Ahmad Badreddin Wais (born 15 January 1991) is a Syrian cyclist and Olympian, who currently rides for UCI Continental team . He represents the refugee team at the Olympics. He rode in the time trial at the UCI Road World Championships in 2017, 2018, 2019 and 2020.

Biography 
Ahmad Badreddin Wais was born January 15, 1991, in Aleppo, Syria. He would begin cycling at age 14, and go onto to compete in the 2009 UCI Juniors World Championship. Wais would continue training through the Syrian Civil War his family leaving him as they fled to Turkey in 2013. He would live alone in Damascus as a student until 2014, when he decided to leave the country as a refugee.

In 2014 Wais would begin his journey as a refugee, traveling by car through Syria and Lebanon, ultimately taking a boat to Turkey to reunite with his family.
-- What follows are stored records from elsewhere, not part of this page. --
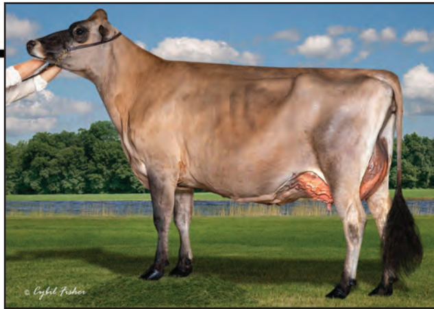
GONE HAYWIRE COLTONS CONFETTI, VG-88% Dam of Lot D
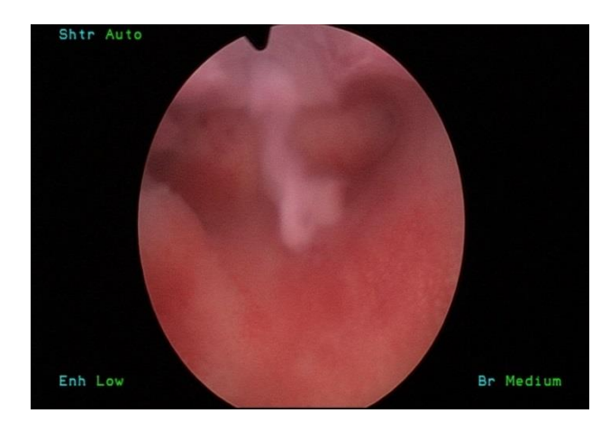
Figure 2: Hysteroscopy showing empty uterus.
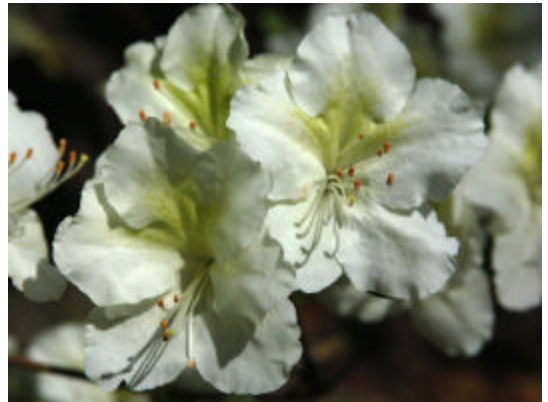
('Gunka x "Pryor Yellow"')
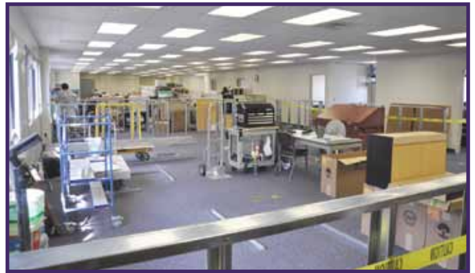
Photo above: June 15, 2011, the Scheduling Department was relocated as Plant Maintenance started clearing room for the fabrication of the new partitions.
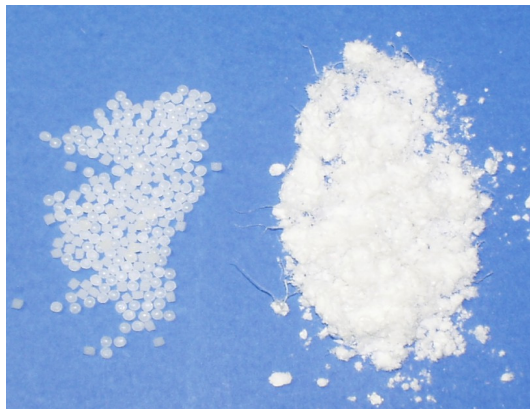
Figure 1. Fines next to Polyolefin Pellets

Fines, fluff, streamers, snake skin, dust and angel hair are all unwelcome occurrences that usually indicate a problem in the pellet transfer system.
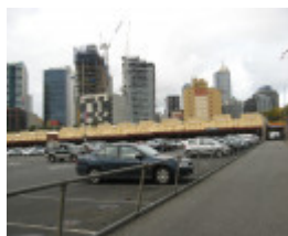
Queen Vic Market 4.jpg
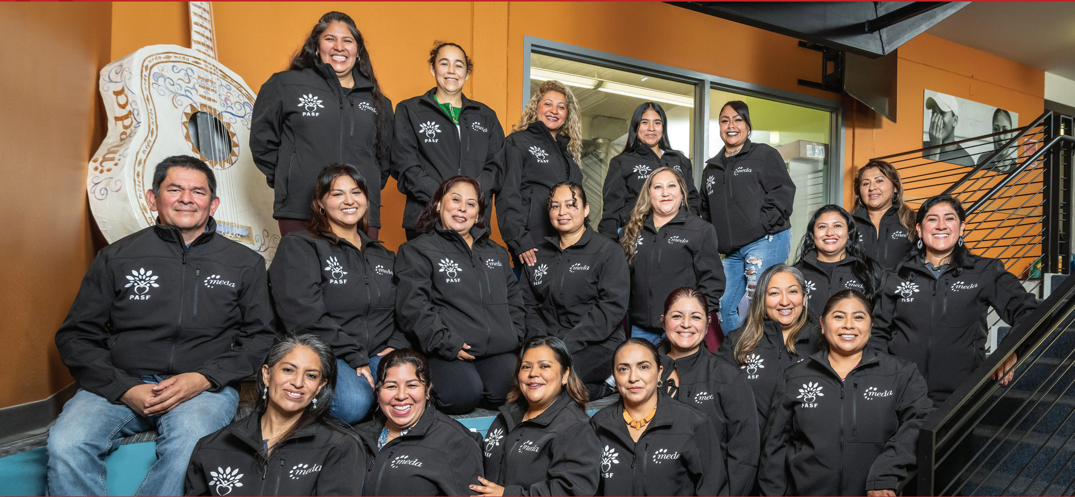
Cooperative members at Promotoras Activas SF
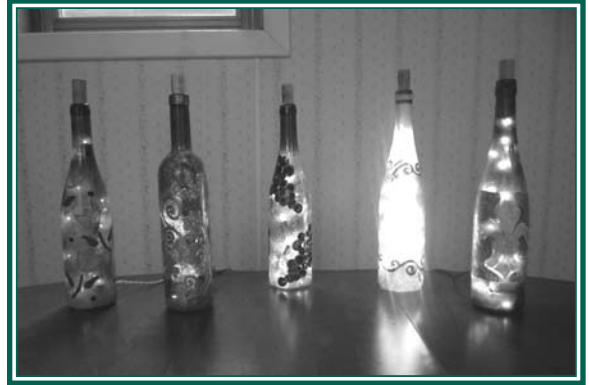
Works of art created by our own villagers and stewards

Vocational training was held mostly indoors for the winter with the St. Tim Camp Building the center of activity. A pot of soup was made each week, filling the building with wonderful aromas and providing the entire community with a warm winter supper. Rugs were woven, black walnuts were cracked, and ceramics were painted and fired as they kept busy during the long winter days. A couple of new projects were started and the results are absolutely amazing!
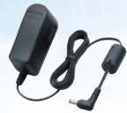
AC adapter BC-123SE/SUK*
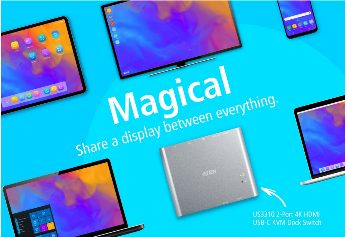
US3310 2-Port 4K HDMI USB-C KVM Dock Switch
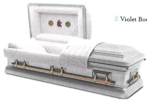
E Violet Bouquet
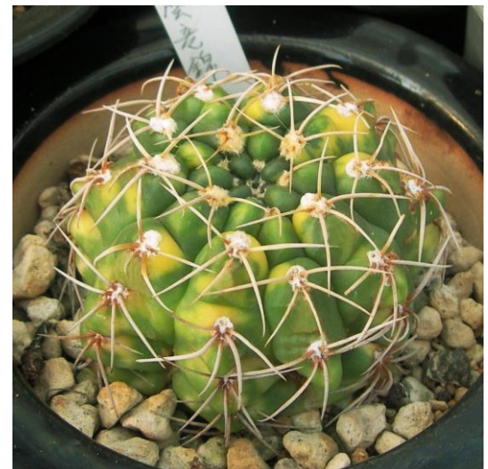
G. paraguayense aff. varieg. (雲竜錦)
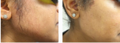
Before and after 3 treatments
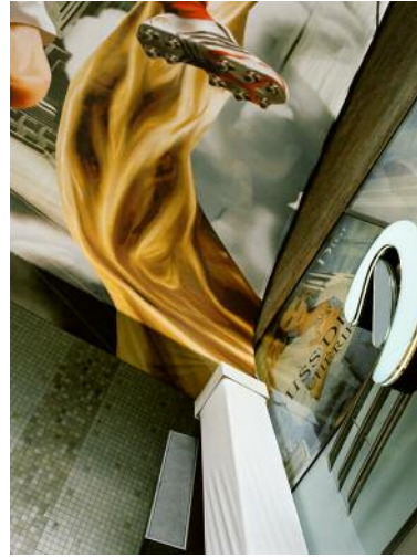
8_Ohne Titel Aus dem Buch Catch , 2015
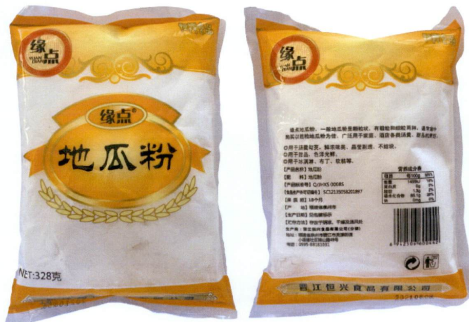
Figure 1. Unregistered YUAN DIAN Powder-like Food Product in Orange and Clear Packaging (In Foreign Language)

The Food and Drug Administration (FDA) warns all healthcare professionals and the general public NOT TO PURCHASE AND CONSUME the unregistered food product:
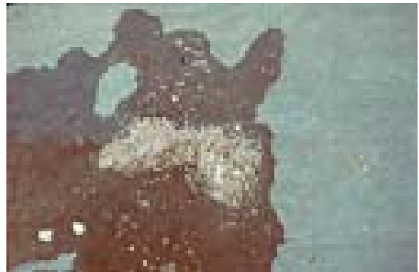
Tortoise urine with chunky white urate salts and clear-to-purplish fluid

The urinary tract of all reptiles, including tortoises, is very different from that of mammals. Chelonians such as desert tortoises have a need to conserve water, and they therefore produce very insoluble urinary wastes such as uric acid and other urate salts. These are passed from the body as a whitish material. Desert tortoises do have a urinary bladder which is important for water storage, particularly during times of drought. Water passes from the bladder into the body as needed. If you encounter a desert tortoise in the wild, you should never disturb the animal since they often release their bladder when they are picked up. Losing this source of internal water can result in severe dehydration and subsequent death in these wild tortoises.
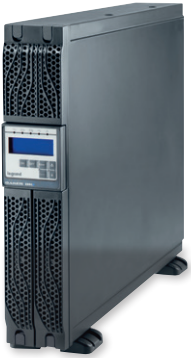
3 101 40
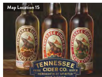
Map Location 15

Tennessee Cider Company, Gatlinburg's first true Cidery, located in the heart of downtown. It's an Old General Store feel with incredible locally made Ciders and wet goods made by great local folks.
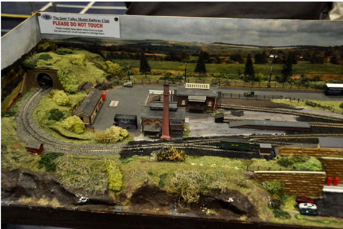
Two photos of Jimmys End
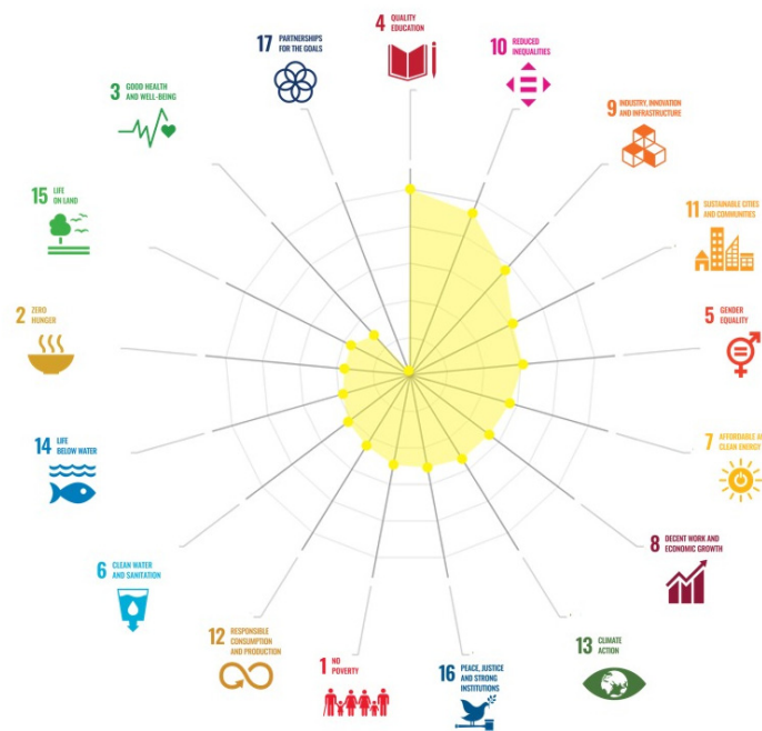
Figure 2. Radar graph of disclosed SDGs.

Regarding the SDGs disclosure, Figure 2 provides an overview of the disclosed goals. Specifically, an analysis of the 29 revealed how the most disclosed SDG is goal 4, “Quality education”, which was reported by 72% of the entire sample of HEIs. The second most relevant goal is SDG 10, “Reduced inequalities”, with a similar value (68%). In third place is goal 9, “Industry, innovation, and infrastructure”, which was disclosed by 55% of the sample.
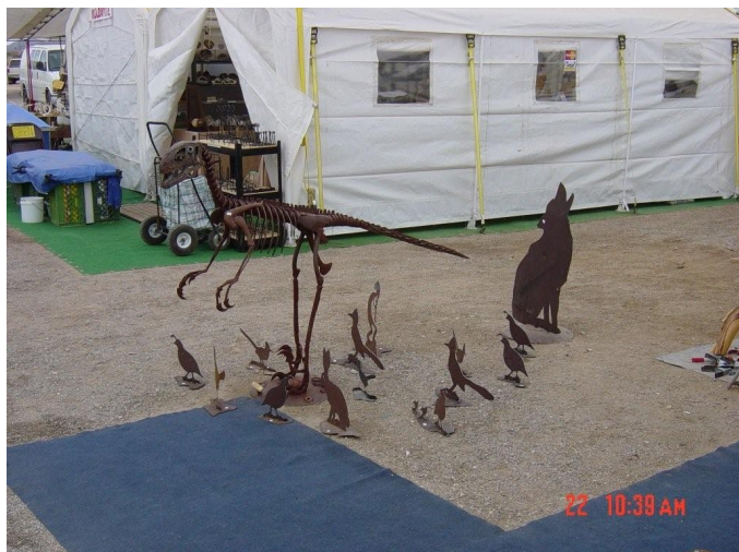
Some pretty cool sculptures we saw...

Some photos that were taken at Quartzsite!
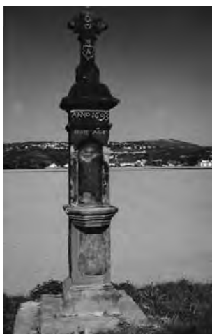
Figure 4: The “hail memorial” in the urban district of Kripp (in Rema- gen, Rhineland- Palatinate, Germany).
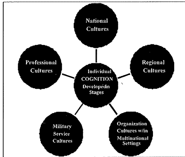
Figure 3 Cognitive Underpinings of Cultural Awareness in the Military Megaorganization

cultural awareness and soft power just described, this article now explores the concept that there is a symbiotic relationship between cultural manifestations and cognitive patterns. The article will then examine the role of culture in shaping attitudes and attributions. Finally, the influence of culture on a leader's thinking is illustrated by its impact on different aspects of communication and decision-making.
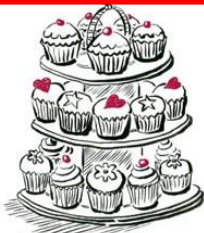
Illustration by Natacha Ledwidge

We are always looking for donations of yummy cakes or a hand setting up or packing away, so if you are able, please join us! If you want to contact us for further information or offers of help, please contact me on 07525 842831. Any local small businesses who would like to sell goods at the coffee morning can also contact me.
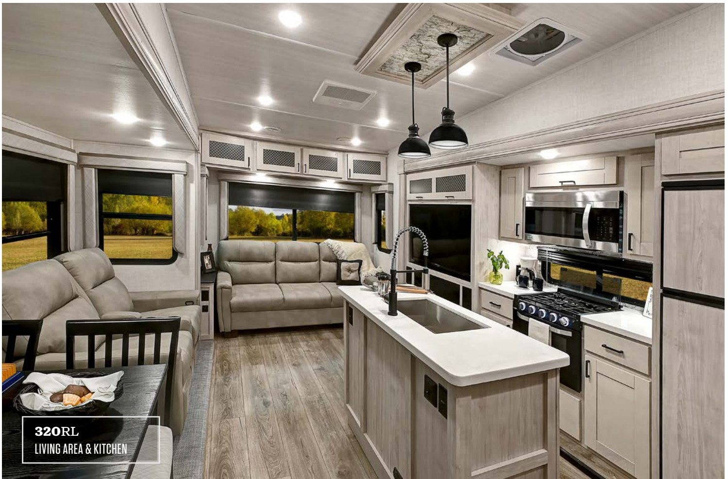
320RL LIVING AREA & KITCHEN
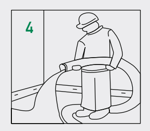
Sound mat is topped with a Hacker Underlayment. Depth will be dependent on the project requirements.

For a smooth finish, installers use a darby tool to ensure uniform depth.
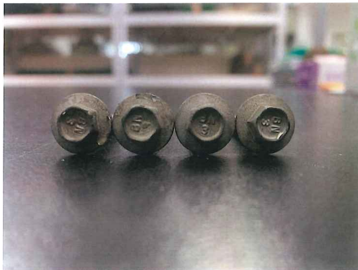
Fig. 3 : After test
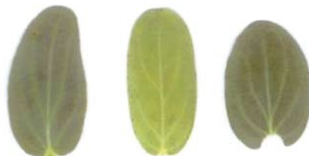
Habit and leaves of three morphotypes
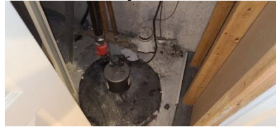
Pic. 29: Sump pump
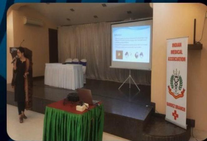
Glaucoma week CME 15/03/2024
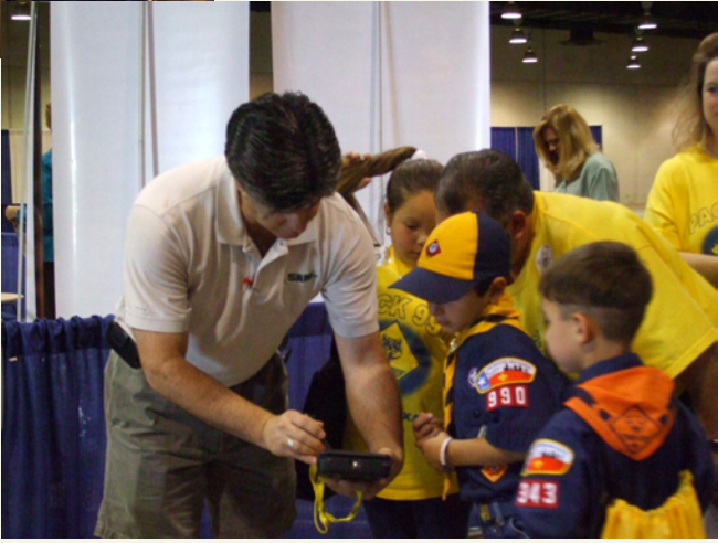
Demonstrating functions on the data collector

TrigStar Students sitting for the regional exam.
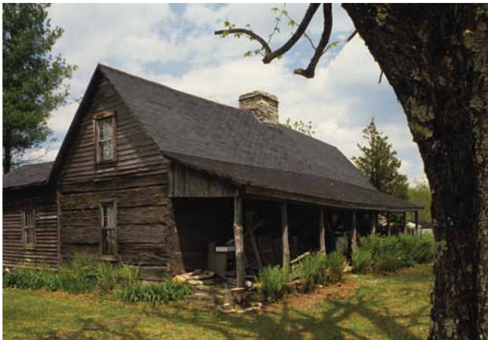
Gragg House, Watauga County, North Carolina. The house was constructed in the mid-nineteenth century and provides one of the state's finest examples of dovetailed plank construction. It is listed on the National Register of Historic Places. Reproduction and use of this material requires permission from Preservation North Carolina.

The Built Heritage of North Carolina is made possible through a Library Services and Technology Act grant administered by the State Library of North Carolina's NC ECHO program. The project will be completed in 2009.
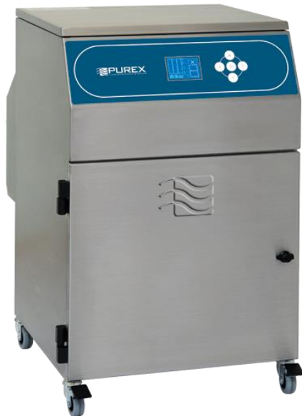
Model 200 / 400

Recirculating fume extraction is now extremely important with the rising concern for our environment and employee safety. Purex Fume Extractors provide not only a flexible and portable process for plant redesigns and expansions, but also a more stable process by providing a controlled airflow to remove harmful fumes. All this while eliminating the added costs of building modifications, increased air handling systems and lost energy.
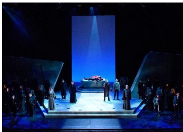
(“Romeo and Juliet”,)
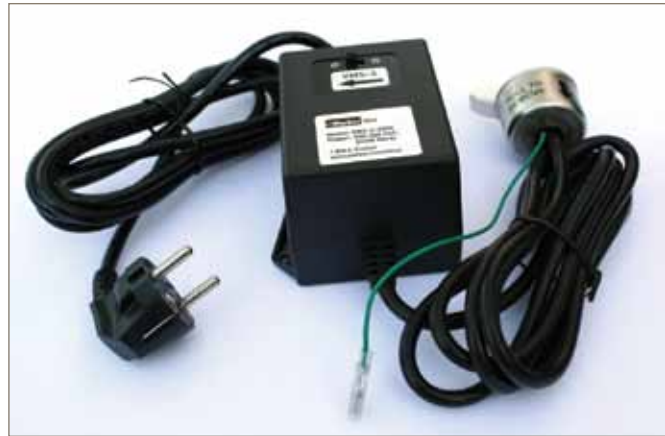
220 Volt Ballast & Lamp Socket
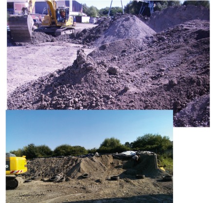
From a heterogeneous to a homogeneous source material (bottom right)

Mechanically well-prepared source material is the basic requirement for the production of RSS Flüssigboden®. If the source soil is not homogeneous, it is necessary to process as a first step. The tolerance range for slump and inherent moisture content given in the mix design are decisive for mechanical processing requirements. If compliance with these tolerances is not possible, the source material must be further processed, eg by means of shovel separator. ATTENTION: the mechanical processing can be a complex and thus cost-intensive factor in the production of RSS Flüssigboden®. If necessary, talk to your technical planner or a FiFB staff member beforehand. If the source material as a whole is not to be considered as granular, or if there are strongly cohesive areas, then the source material should be activated with RSS PROVIACAL RD during homogenisation.
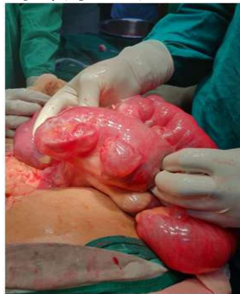
Fig. 2: Small intestine diverticula

Surgical findings were Multiple small intestine diverticula with pnuematocoeles which presented as primary peritonitis and stricture at terminal ileum which was repaired with transverse ileoplasty (Figs. 2 and 3).
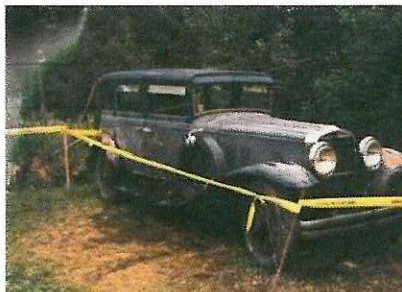
1931 Stutz SV16 Sedan $10 000
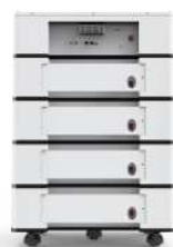
INVERTER AND SINGLE PHASE SOLUTIONS
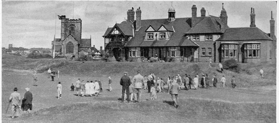
AT WALLASEY: The Home Green. This hole has been extended to 410 yards, and, unless the drive is well placed, the ridge in front of the green obscures the view for the approach. Heaven help the man who needs a 3 to qualify! The Golfers' Church is seen in the background. It has a stained glass window depicting incidents in the game of golf.
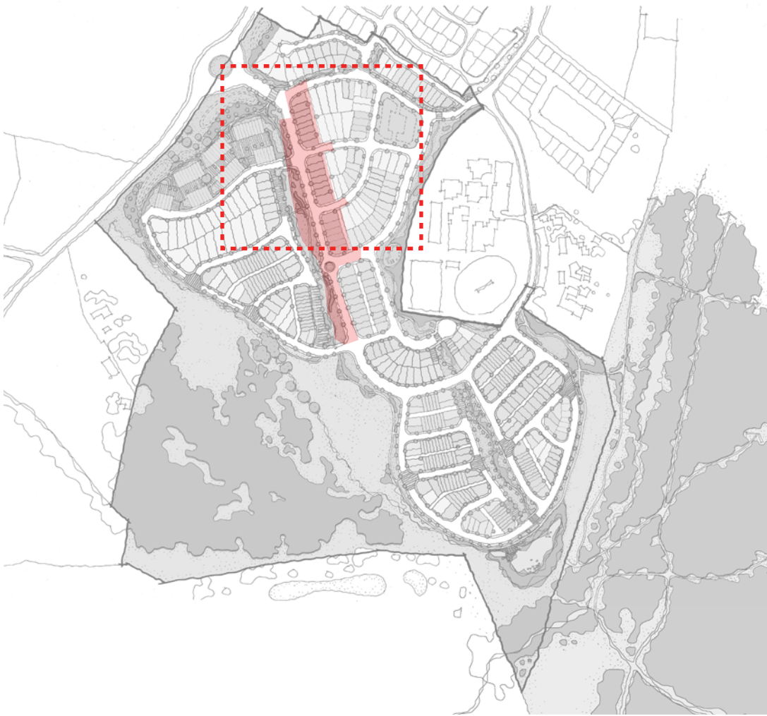
OVERALL KEY PLAN, 1:10,000 AT A1
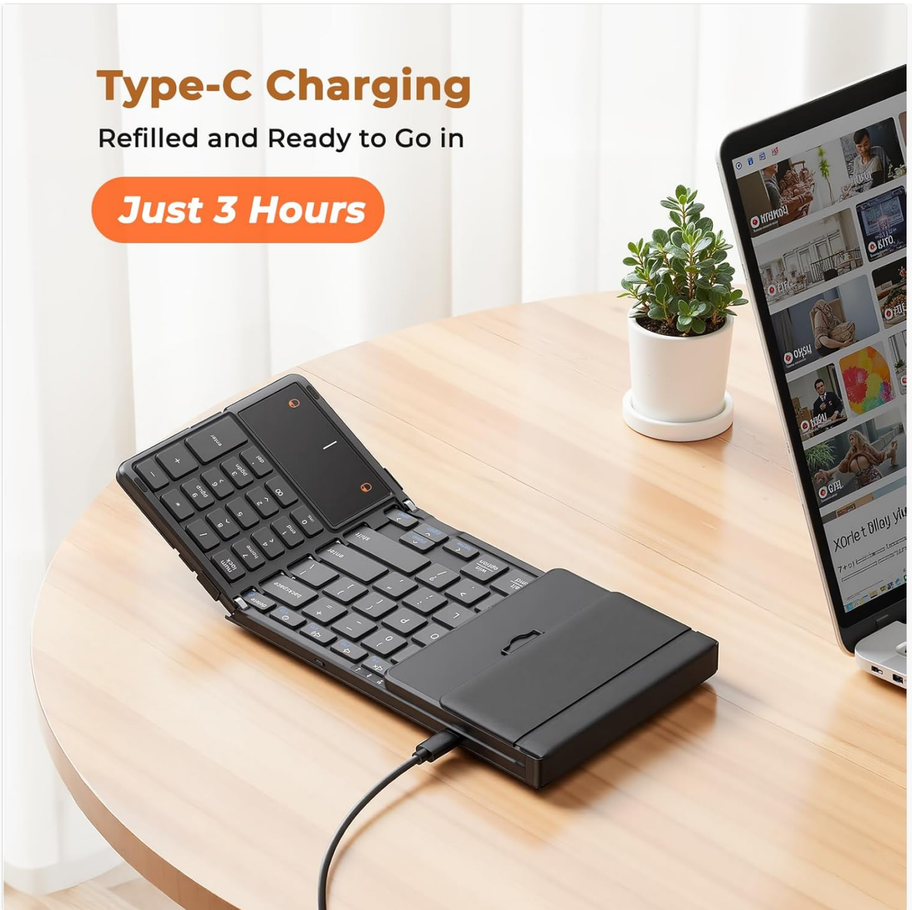
Figure 3.1: The keyboard connected to a power source via its USB-C charging cable, indicating the charging process.
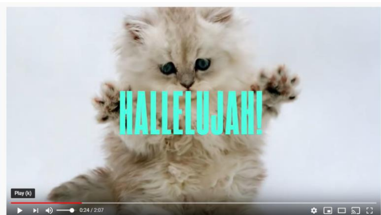
Praise Ye The Lord Hallelujah (NEW VERSION)

The Point: To praise God and understand that we can worship him whatever the weather and however we're feeling.
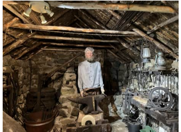
Figure 63: The smiddy shop in the Museum of Island Life
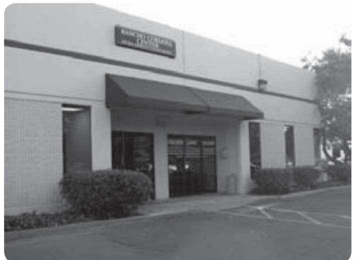
The Rancho Cordova Center

Folsom Lake College promotes student success by providing student centered academic and support services and creating opportunities for employment, internships, and community service.

He would then travel by ship to Greece and eventually gain refugee status in Switzerland which he arrived in by plane. Wais would not compete again until 2017, citing the physical and emotional toll of the ordeal; going so far as to put off training until 2015. In 2016, he was a member of the Dutch Marco Polo team.

He would become a prospective candidate for the 2016 Refugee Olympic Team. 

Wais has not returned to Syria since leaving, because he is classified as having evaded conscription by the Syrian Military.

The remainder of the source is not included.